• Try it
Only the lines below from the one containing "Mochila de nylon" through the last line should be set down, exactly as written and with no pictures.

• Data records
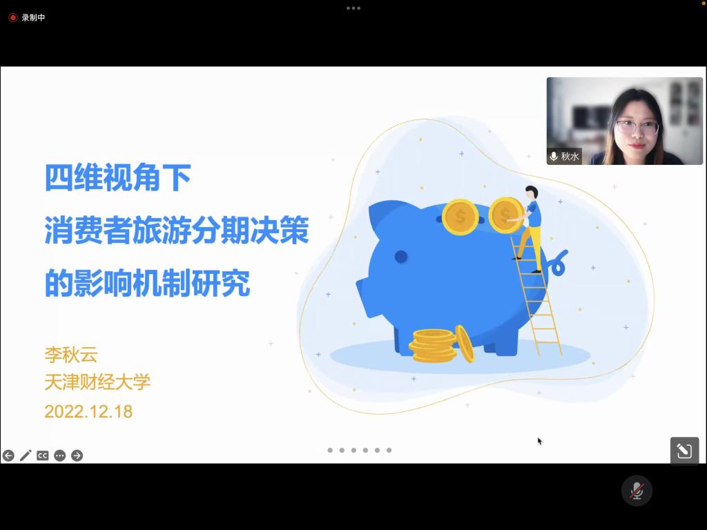 李秋云老师以“四维视角下消费者旅游分期决策的影响机制研究”为主题进行了报告。首先,李老师对消费信贷和消费金融的概念、消费金融场景的多元化、旅游消费信贷业务的发展等内容进行了简单介绍。接着,她从购买类型、旅游动机和文化差异三个角度对旅游消费信贷的相关研究展开了文献述评。最后,李老师从个人特质、交易框架、旅游动机和文化背景四个维度构建了旅游分期决策的分析框架,详细说明了本研究所采用的研究方法,包括情境实验法、内隐联想测试、眼动追踪技术等内容。
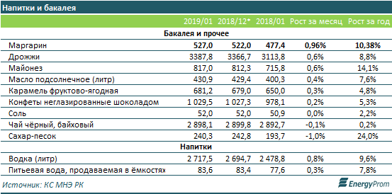 Из бакалейных изделий на 1 процент за месяц подорожал маргарин, а сахар, напротив, подешевел на 1 процент. Среди напитков также не ощущалось заметных колебаний цен: водка прибавила 0,8 процента за месяц, питьевая вода - лишь 0,3 процента.
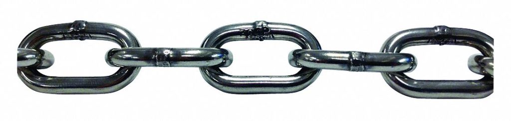 Link Inside Width: 1/2 in, Link Inside Length: 1 in, Material: 304 Stainless Steel, Brand: PEWAG, Overall Length: 100 ft, Chain Trade Size: 5/16 in, Working Load Limit: 2,850 lb, Finish: Plain
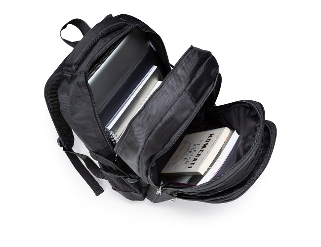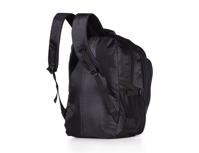 Mochila de nylon 27 litros com quatro compartimentos, sendo o principal com bolso para notebook 15,6. A mochila possui bolsos laterais em malha, alça de compensação e duas alças de mãos.
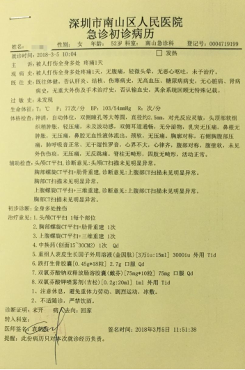 第二天,張女士立刻去深圳市南山區(qū)人民醫(yī)院急診科就診,初步診斷為“全身多處挫傷”。羅小姐說,“當時的法醫(yī)鑒定結(jié)果是輕微傷,法醫(yī)鑒定貼好封條交給了派出所。”
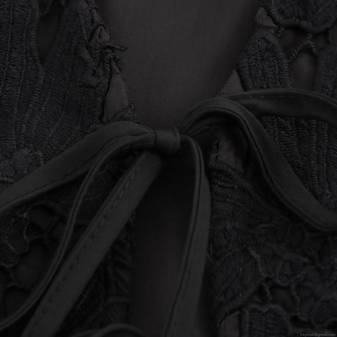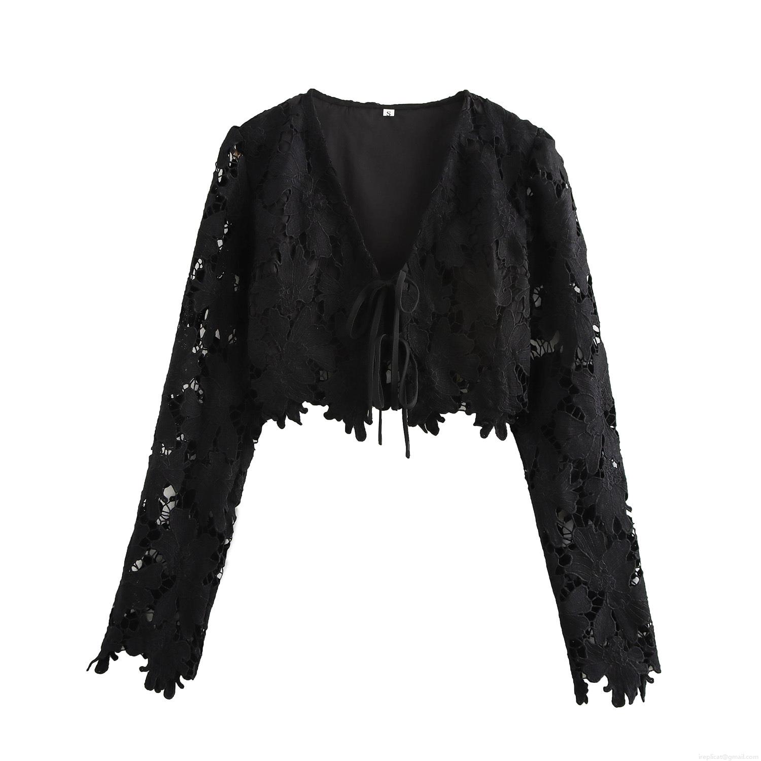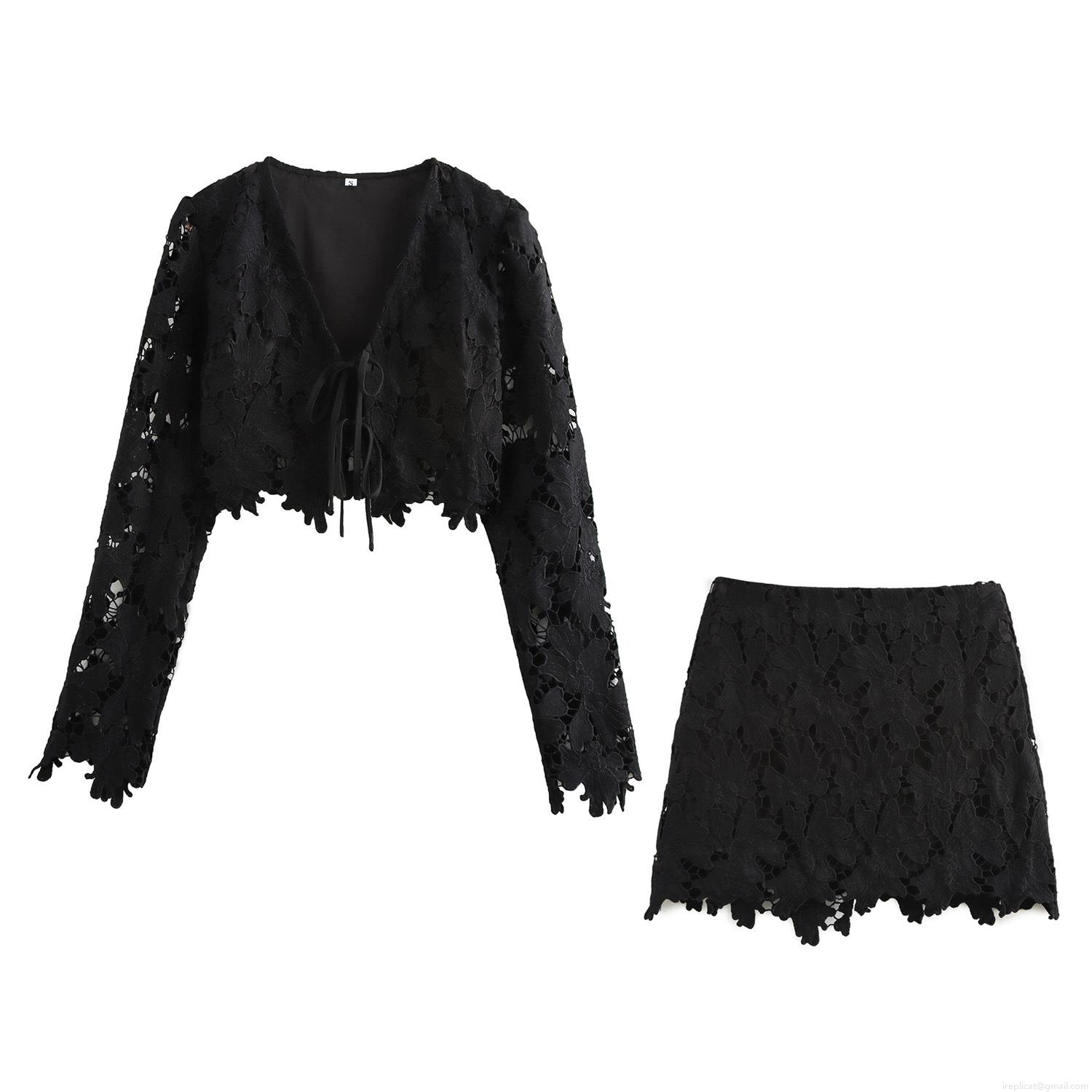 • Women's Sexy Black Lace Two Piece Skirt Set Floral Hollow Out Long Sleeve V Neck Tie-up Cardigan And A-line Mini Skirt Set

• Response to this exercise
 Mochila de nylon 27 litros com quatro compartimentos, sendo o principal com bolso para notebook 15,6. A mochila possui bolsos laterais em malha, alça de compensação e duas alças de mãos.
 第二天,張女士立刻去深圳市南山區(qū)人民醫(yī)院急診科就診,初步診斷為“全身多處挫傷”。羅小姐說,“當時的法醫(yī)鑒定結(jié)果是輕微傷,法醫(yī)鑒定貼好封條交給了派出所。”
 • Women's Sexy Black Lace Two Piece Skirt Set Floral Hollow Out Long Sleeve V Neck Tie-up Cardigan And A-line Mini Skirt Set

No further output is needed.